I’m going to ignore that auctioning this book off makes no goddamn sense because I am all for an Eichorst/Abraham shade battle, and that’s exactly what we get when the two of them show up at Creem’s.
“Does it hurt at all to be bound by loyalty to one so obviously unimpressed by you?,” Abraham asks of Eichorst after pointing out Bolivar was chosen.
The bidding starts, but the numbers get a little too high for Creem so he proposes the winner pays one dollar more than the person with the lowest limit. Eichorst wins because Palmer has more money in his Swiss account than Quinlan.

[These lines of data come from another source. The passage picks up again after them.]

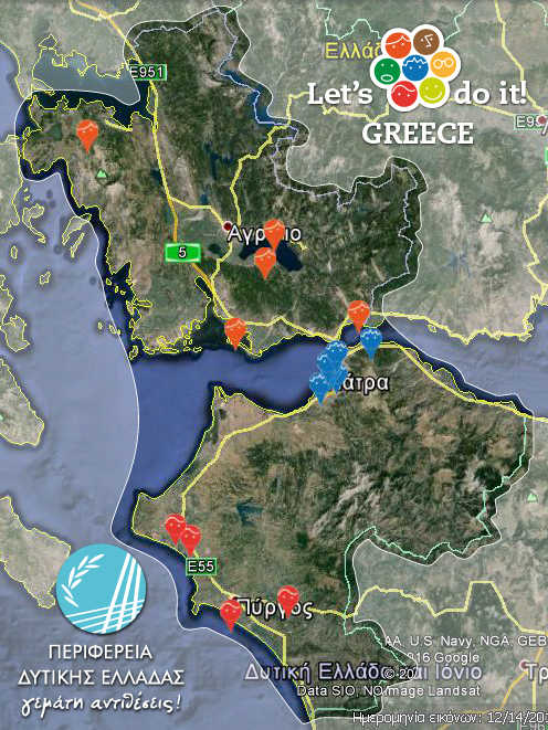 Ξεκίνησε ήδη η χαρτογράφηση των δράσεων που θα γίνουν στην Περιφέρεια Δυτικής Ελλάδας για τη μεγάλη εθελοντική καμπάνια «Let’s do it Greece», την Κυριακή 17 Απριλίου 2016.map-01Εθελοντές, φορείς, σύλλογοι, σχολεία, Δήμοι, ομάδες –istas κ.α. έχουν ήδη δηλώσει τις δράσεις που διοργανώνουν σε κάθε περιοχή και των τριών Περιφερειακών Ενοτήτων Αιτωλοακαρνανίας, Αχαΐας και Ηλείας της Περιφέρειας Δυτικής Ελλάδας.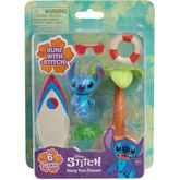 Contient 1 figurine 5 cm Disney Stitch, 1 planche de surf, 1 palmier et des accesoires.
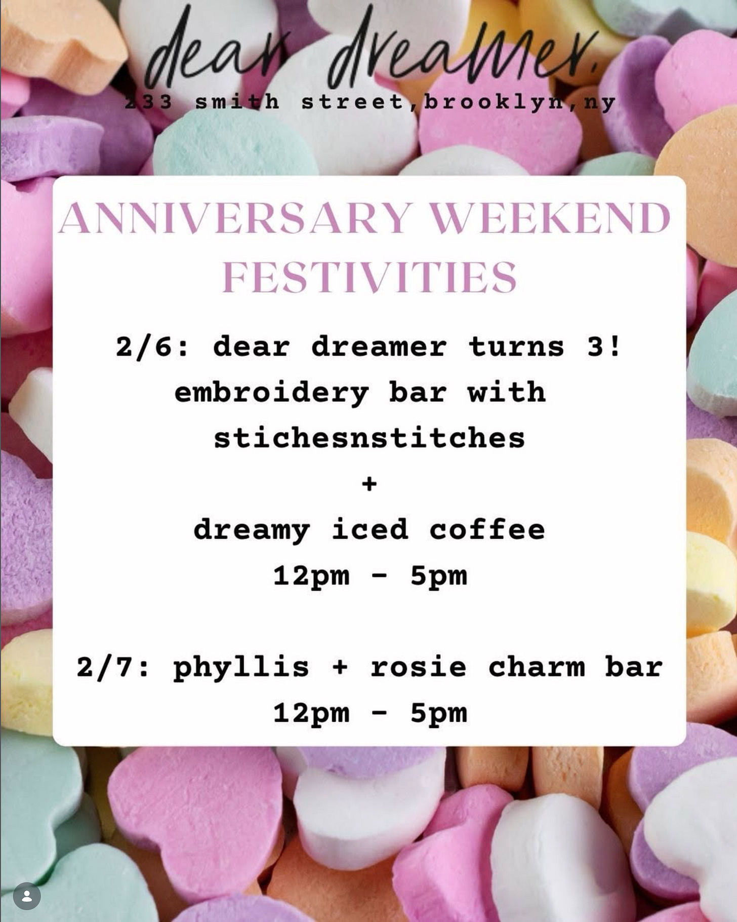 Dear Dreamer turns 3! They’re celebrating with weekend festivities including an embroidery bar, charm bar and lots of iced coffee!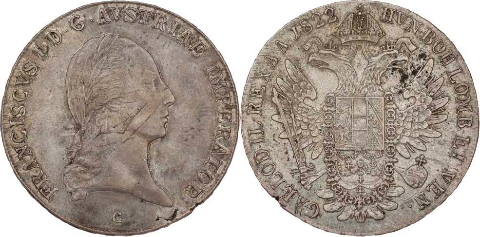 Tolar konvenční 1822 C, 28.032g, vada materiálu v aversu a na hraně, nep.just., patina
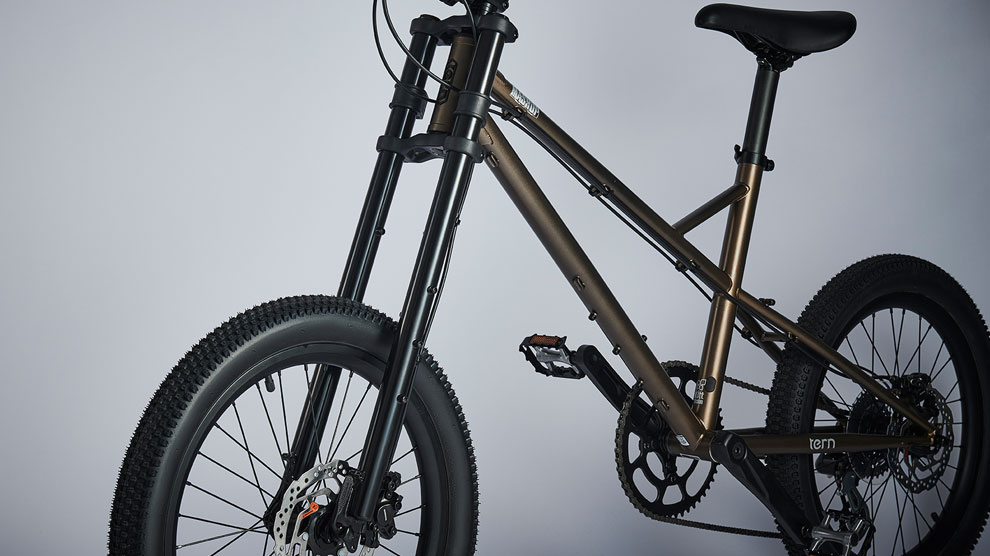 MTBスタイルのタフなクロモリフレームを採用。高いヘッド位置から一直線に下るMTB譲りのフレームワークがソリッドで剛健な新世代ミニベロフレーム。広い身長域をカバーする1サイズ設計。ドロッパーシートポストに対応し、随所にダボを配し拡張性も充実。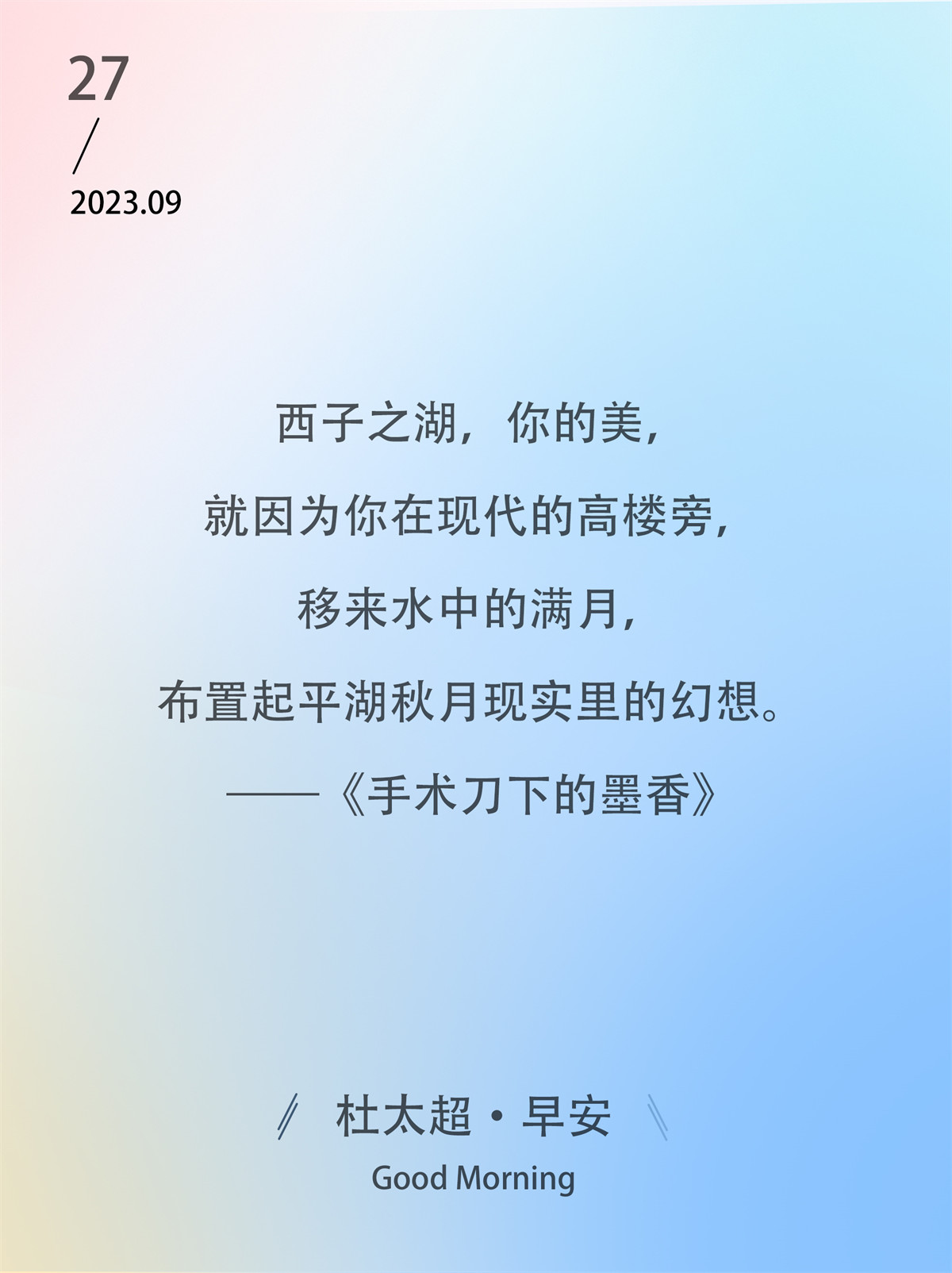 西子之湖,你的美,就因为你在现代的高楼旁,移来水中的满月,布置起平湖秋月现实里的幻想。——《手术刀下的墨香》

However, before Creem can present Eichorst with the book, Palmer removes Eichorst’s access to the funds, so it goes to Abraham. Eichorst tries to take it anyway, but he’s outnumbered and outgunned.
Eichorst warns Abraham (A23O385) to relish this victory because it won’t last long.
On the ride home, AT NIGHT, Abraham admits to Fet he has no intention of giving the book to the Ancients. That’s cool cause Eichorst had no intention of letting their happy asses have the book. The bread truck is broadsided and strigoi, led by Eichorst, attack. Fet and Abraham are trapped in the back of the truck as Eichorst instructs his minions to bring him the book and the professor.
Quinlan and crew arrive – including Angel in his Luchador mask, for reasons – in Escalades and start shooting at the strigoi. Eichorst approaches the bread truck, but he’s stopped by Quinlan, who asks if the Master can see him. Eichorst turns on his Master Vision and Quinlan tells him he was wise, but cowardly, in not showing up.
The Master don’t show up for SHIT, Quinlan.
Eichorst runs, Quinlan follows, but Eichorst gets away. Gus enters the truck looking for Abraham, but finds a bomb instead.
The Best Scene Ever in the History of the Entire Series
Eichorst shows up at Palmer’s, pissed that Palmer embarrassed him and cost the Master the Lumen. Palmer and CoCo talk so much shit. They demand respect in exchange for their assistance. Let’s ask the Master what he thinks of that, shall we? Good thing he’s here.
Palmer tells the Master, TO HIS FACE, that they are equals and the Master assures him the terms of their agreement has not changed. And then he kills CoCo and it is GLORIOUS and hilarious.
Once the train is underway, Eph decides to hit up the bar before they run out. While he’s gone, the train encounters strigoi on the track, and by encounters I mean it plows into.
Why is the Master wasting perfectly good minions for these three?
Chaos ensues and Nora and Zach leave the train. She says Eph will find, but Kelly finds them first. Nora has had just about enough of Kelly’s shit and starts kicking her ass with the sword. She tells Zach to run, but he pauses to watch this ass whupping commence and yells for Nora to stop before she can make the death blow. That distraction costs Nora her life as Kelly wraps her stinger around Nora’s wrist.
Zach yells for Kelly to stop (make up your mind, kid!) and pulls a silver knife. He doesn’t kill her though. He hugs her and cries because New Zach is THE WORST. The Master summons and the two of them leave Nora to die on the tracks. (Podcast note: The cough, Nina. Don’t forget to mention the cough.)
She doesn’t die alone, though. After fighting a few of the Feelers on the train and on the tracks, he finds Nora and she’s infected. They say their goodbyes and then she touches the third rail with her sword and has the most beautiful electrocution death in the history of television. It was like a Pantene commercial.
Fet and Abraham think they’re about to get on their boat with the Lumen, but Gus has other plans. At gunpoint, he demands the book. Abraham been ready to die for that damn book so he’s not impressed. Quinlan arrives with Angel and the group finally realizes they’re ON THE SAME DAMN SIDE and decide to work together.
While they’re sailing off, Eph wanders the New York City streets looking a hot-ass mess, and Palmer has cut out CoCo’s heart. As you do.